Galbraith's Money: Whence it came, where it went is very readable, but it might be too cursory as well.
in the sandbox 'what are you reading' thread I mentioned:
Casualties of Credit: The English Financial Revolution, 1620-1720. Pretty good - clear, good topic, more history of ideas than history; a bit narrow or superficial in places - the book-from-thesis air.
It might be worth looking at if you want a sense of the arguments about money and credit that were going on then. Goes into alchemy etc iirc, gives a sense of the messiness and unsettledness of the period. Not a lively read though.
― woof, Thursday, 26 April 2012 15:20 (3 years ago) Permalink
oh wait, Hurting, you're *reading* the Ferguson. just watch the TV series and you'll get everything you need to know in a fraction of the time. I'll bet, anyway, I've never read the book.
― GoT SPOILER ALERT (Gukbe), Thursday, 26 April 2012 15:35 (3 years ago) Permalink
I mean the good thing about reading it is that when he describes the mechanics of some bond transaction or something I can sit there for a second and read it slowly a couple of times to make sure I actually get it and am not just nodding my head. But too often the book doesn't slow down to actually describe how something worked anyway.

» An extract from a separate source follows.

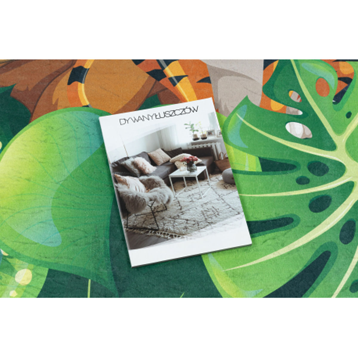 Bringen Sie eine tropische Abenteueratmosphäre in das Kinderzimmer mit der Waschmatte BAMBINO 2651, die mit fröhlichen Dschungeltiermotiven begeistert. Die grün-braune Farbkombination verleiht dem Teppich ein angenehm natürliches Aussehen und schafft einen spielerischen Raum voller Fantasie – ideal für tägliches Spielen, Entdecken und Entspannen. Perfekt geeignet für das Kinderzimmer, Spielzimmer oder den Kindergarten, wo er zum beliebten Accessoire des kleinen Entdeckers wird. Der Teppich besteht aus 100% Polyester, das weich, strapazierfähig und angenehm anzufassen ist. Die Dicke von 5 mm bietet Komfort beim Sitzen und Spielen, während das geringe Gewicht von 0,70 kg/m² eine einfache Handhabung gewährleistet. Ein großer Vorteil ist die Maschinenwaschbarkeit, die den Teppich stets sauber hält. Die rutschfeste Unterseite verhindert zudem das Verrutschen auf dem Boden und erhöht die Sicherheit beim Spielen der Kinder.

― i don't believe in zimmerman (Hurting 2), Thursday, 26 April 2012 15:40 (3 years ago) Permalink
i liked 'capital ideas' although its not like bernstein is free of ideology or anything.
ferguson reaches some terrible conclusions but large parts of 'the cash nexus' are worthwhile as history. better than the 'history of money' although its still quite partisan and flawed as analysis. idk its like reading braudel or s.thing where the detail is incredibly worthwhile
― Lamp, Thursday, 26 April 2012 15:45 (3 years ago) Permalink
A different sort of read, but Vidal's Lincoln has a great account of the creation of national currency and banking during the civil war.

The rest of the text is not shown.